Material provided

※

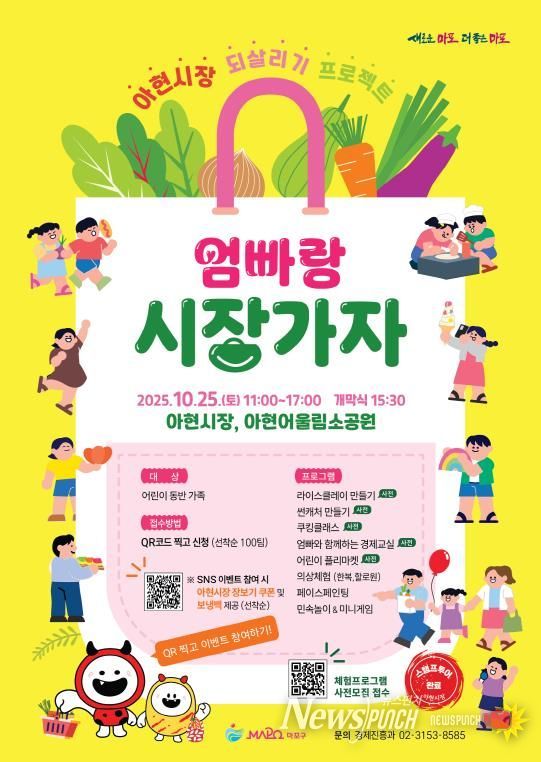 뉴스펀치 김완규 기자 | 마포구는 10월 23일까지 ‘장바구니 속, 추억 한바구니 엄빠랑 시장가자’ 프로그램에 참여할 어린이 동반 가족 100팀을 선착순으로 모집한다.
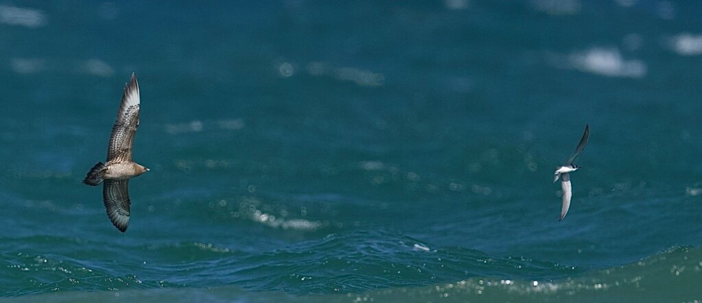 But here’s the catch: figuring out which jaeger you’re actually looking at is notoriously difficult. Lighting, distance, and feather variation can turn the same bird into a dozen different impressions depending on who’s watching. Our point counters wrestle with that reality every fall, often needing long looks, photos, and plenty of patience before putting a name on a bird. Rather than dive into all those fine-grain details here, we recommend this excellent breakdown from the Chicago Birding Alliance: Getting to Know Juvenile Jaegers with the Macaulay Library
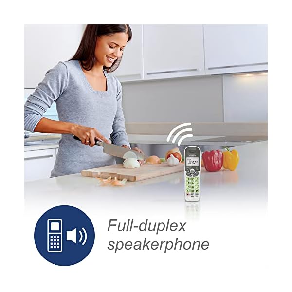 [Speak & Hear simultaneously with Full-Duplex Speakerphone] – Full-duplex handset speakerphone. Enjoy a speakerphone that can keep up with your calls. Increase participation by allowing both ends to speak – and be heard – at the same time for conversations that are more true to life.

※

Task objective
Without changing a word, restate the listing above; the pictures stay out.

Written reply
 뉴스펀치 김완규 기자 | 마포구는 10월 23일까지 ‘장바구니 속, 추억 한바구니 엄빠랑 시장가자’ 프로그램에 참여할 어린이 동반 가족 100팀을 선착순으로 모집한다.
 But here’s the catch: figuring out which jaeger you’re actually looking at is notoriously difficult. Lighting, distance, and feather variation can turn the same bird into a dozen different impressions depending on who’s watching. Our point counters wrestle with that reality every fall, often needing long looks, photos, and plenty of patience before putting a name on a bird. Rather than dive into all those fine-grain details here, we recommend this excellent breakdown from the Chicago Birding Alliance: Getting to Know Juvenile Jaegers with the Macaulay Library
 [Speak & Hear simultaneously with Full-Duplex Speakerphone] – Full-duplex handset speakerphone. Enjoy a speakerphone that can keep up with your calls. Increase participation by allowing both ends to speak – and be heard – at the same time for conversations that are more true to life.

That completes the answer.